Along with questioning how Portland Public spends its money, auditors criticized the district for not doing enough to help the public understand where and how education money is used.

“PPS’s budget includes limited program detail, few performance measures, no benchmarking against other districts, little detail on changes in staffing and spending over time, and no information on results from high-priority programs,” auditors wrote.

Portland Public leaders agreed with all of the recommendations, and much of their written response to the audit detailed efforts the district is already doing to better manage its budget and be transparent to the public.

Student Outcomes 

The secretary of state’s audit dinged Portland Public Schools and ODE alike for not adequately showing how investments are helping students. In some cases, the audit identified “initiative overload,” in which efforts to institute program improvements seemed to happen too quickly, without proper support.

Rigler Elementary School in Northeast Portland is highlighted as an example. It's a school that’s endured four new principals in the last five years and has some of the lowest scores on state assessments.

“[T]he high pace of change and instability takes its toll, contributing to student conduct issues and frequent classroom disruptions,” the audit found.

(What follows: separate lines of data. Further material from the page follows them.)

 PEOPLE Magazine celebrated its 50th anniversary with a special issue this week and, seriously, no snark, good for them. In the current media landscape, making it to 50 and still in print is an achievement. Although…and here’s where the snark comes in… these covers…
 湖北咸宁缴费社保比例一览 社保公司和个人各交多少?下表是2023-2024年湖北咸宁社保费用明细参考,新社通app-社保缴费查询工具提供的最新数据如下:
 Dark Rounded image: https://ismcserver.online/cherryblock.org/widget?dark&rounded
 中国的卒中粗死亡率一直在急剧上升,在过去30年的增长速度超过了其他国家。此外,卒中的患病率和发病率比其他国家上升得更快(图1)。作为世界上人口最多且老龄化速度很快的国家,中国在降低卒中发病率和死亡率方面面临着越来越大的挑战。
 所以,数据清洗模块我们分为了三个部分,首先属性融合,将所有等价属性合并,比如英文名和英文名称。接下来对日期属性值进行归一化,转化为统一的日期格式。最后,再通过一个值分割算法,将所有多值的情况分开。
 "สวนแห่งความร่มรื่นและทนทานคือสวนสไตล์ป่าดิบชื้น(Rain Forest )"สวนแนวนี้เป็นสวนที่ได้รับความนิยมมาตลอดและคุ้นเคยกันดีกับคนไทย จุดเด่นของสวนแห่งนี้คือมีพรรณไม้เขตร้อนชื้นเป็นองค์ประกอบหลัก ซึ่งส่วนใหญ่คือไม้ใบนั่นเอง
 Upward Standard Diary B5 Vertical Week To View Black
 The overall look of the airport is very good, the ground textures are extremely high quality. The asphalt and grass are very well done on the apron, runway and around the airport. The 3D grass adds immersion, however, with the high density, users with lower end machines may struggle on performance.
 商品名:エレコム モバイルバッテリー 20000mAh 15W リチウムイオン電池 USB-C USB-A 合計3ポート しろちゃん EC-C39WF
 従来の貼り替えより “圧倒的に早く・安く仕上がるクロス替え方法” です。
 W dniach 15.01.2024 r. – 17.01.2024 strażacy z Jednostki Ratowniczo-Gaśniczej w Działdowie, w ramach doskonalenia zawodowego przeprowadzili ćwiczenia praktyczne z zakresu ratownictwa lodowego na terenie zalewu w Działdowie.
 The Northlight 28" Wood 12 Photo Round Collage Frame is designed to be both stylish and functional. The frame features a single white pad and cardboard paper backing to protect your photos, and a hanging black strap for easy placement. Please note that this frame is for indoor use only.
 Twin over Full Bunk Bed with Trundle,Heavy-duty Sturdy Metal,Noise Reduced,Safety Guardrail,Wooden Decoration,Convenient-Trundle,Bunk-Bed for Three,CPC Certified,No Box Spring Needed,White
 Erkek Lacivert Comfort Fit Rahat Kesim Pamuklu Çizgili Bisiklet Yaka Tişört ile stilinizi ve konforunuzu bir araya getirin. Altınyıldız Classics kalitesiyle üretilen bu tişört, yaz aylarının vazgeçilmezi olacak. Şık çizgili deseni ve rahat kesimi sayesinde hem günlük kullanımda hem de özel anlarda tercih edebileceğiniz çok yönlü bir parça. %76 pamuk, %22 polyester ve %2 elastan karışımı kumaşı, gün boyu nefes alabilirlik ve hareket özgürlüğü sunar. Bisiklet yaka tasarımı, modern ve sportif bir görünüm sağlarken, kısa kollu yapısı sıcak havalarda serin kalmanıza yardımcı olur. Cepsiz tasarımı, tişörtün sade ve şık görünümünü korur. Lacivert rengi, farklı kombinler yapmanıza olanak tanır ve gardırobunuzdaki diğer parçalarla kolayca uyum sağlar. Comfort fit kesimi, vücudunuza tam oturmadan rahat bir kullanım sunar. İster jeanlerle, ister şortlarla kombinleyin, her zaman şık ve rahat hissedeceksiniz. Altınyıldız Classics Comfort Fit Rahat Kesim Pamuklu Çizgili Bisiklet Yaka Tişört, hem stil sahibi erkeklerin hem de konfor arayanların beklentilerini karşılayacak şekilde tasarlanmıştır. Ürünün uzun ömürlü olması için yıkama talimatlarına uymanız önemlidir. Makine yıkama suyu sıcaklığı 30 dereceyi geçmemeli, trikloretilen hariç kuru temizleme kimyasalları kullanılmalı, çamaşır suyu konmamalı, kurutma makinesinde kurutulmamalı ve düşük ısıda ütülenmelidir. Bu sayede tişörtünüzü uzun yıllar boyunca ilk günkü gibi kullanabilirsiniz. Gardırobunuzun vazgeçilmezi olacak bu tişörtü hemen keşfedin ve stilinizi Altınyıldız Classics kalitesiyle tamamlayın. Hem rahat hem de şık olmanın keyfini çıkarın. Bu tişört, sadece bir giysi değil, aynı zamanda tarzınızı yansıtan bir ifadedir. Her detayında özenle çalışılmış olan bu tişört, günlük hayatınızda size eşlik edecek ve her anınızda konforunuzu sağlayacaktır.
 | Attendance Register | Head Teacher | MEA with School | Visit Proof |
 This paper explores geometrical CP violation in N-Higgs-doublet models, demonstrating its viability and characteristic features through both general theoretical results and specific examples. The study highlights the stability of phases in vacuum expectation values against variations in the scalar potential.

That’s just one of five “obstacles” to improvement which the audit identified. Others include under-enrollment at high poverty schools, disagreement over how to handle student misconduct and problems handling teacher turnover and absence rates.

Districtwide, the audit found that Portland Public administrators struggle to teach students living in poverty compared with similar districts. However, PPS compared fairly well with students who aren’t economically disadvantaged, regardless of ethnicity.

The audit underscored persistent achievement gaps between students of color and white students at PPS, by comparing the district with other districts, including Beaverton which "consistently scored higher than PPS in every economically disadvantaged subgroup."

At the press conference, the Secretary of State's Office held to announce the findings, several community advocates listened, spoke and asked questions. Fyndi Jermany said the findings she heard described were consistent with her experience as a former PPS parent and student. She was encouraged by the focus on improvement.

"If the audits don't happen, then things just stay the same — then those are just the answers," Jermany told OPB. "But the audits bring up recommendations and bring a different language to what already exists."

Oregon Department Of Education

The audit found an overall lack of capacity and authority at the state education department to police school district spending and ensure they're being effective stewards of public dollars.

Enforcement of local spending by state regulators is largely complaint driven. A form district administrators are required to fill out to help monitor spending consists of one page of checkboxes. That aspect of ODE's approach to regulation, often called "Division 22" for the state education rule it's part of, was also a target of Gov. Brown's response to the audit Wednesday.

"ODE will also deliver a report on its capacity and agency to enforce specific standards under the auspices of Division 22 in areas such as instructional rigor, curriculum standards, and performance standards," the governor said in her written statement. 

State regulations allow ODE to conduct on-site reviews or desk audits of compliance with the regulations, but state leadership told auditors that on-site reviews have not been done for years since money set aside for that function was eliminated from the department budget.

“There is a lot of patience in the system for mediocre performance,” an unnamed ODE official is quoted telling auditors.

Auditors also found a lack of transparency around the spending of $1.6 billion in federal money targeted to schools with high proportions of low-income students, a stream of money known as Title I.

And the audit found a lack of oversight and lapses in the management of state grants, such as money targeted to improve outcomes for African-American students.

OPB's Dirk Vanderhart and Anna Griffin contributed to this report.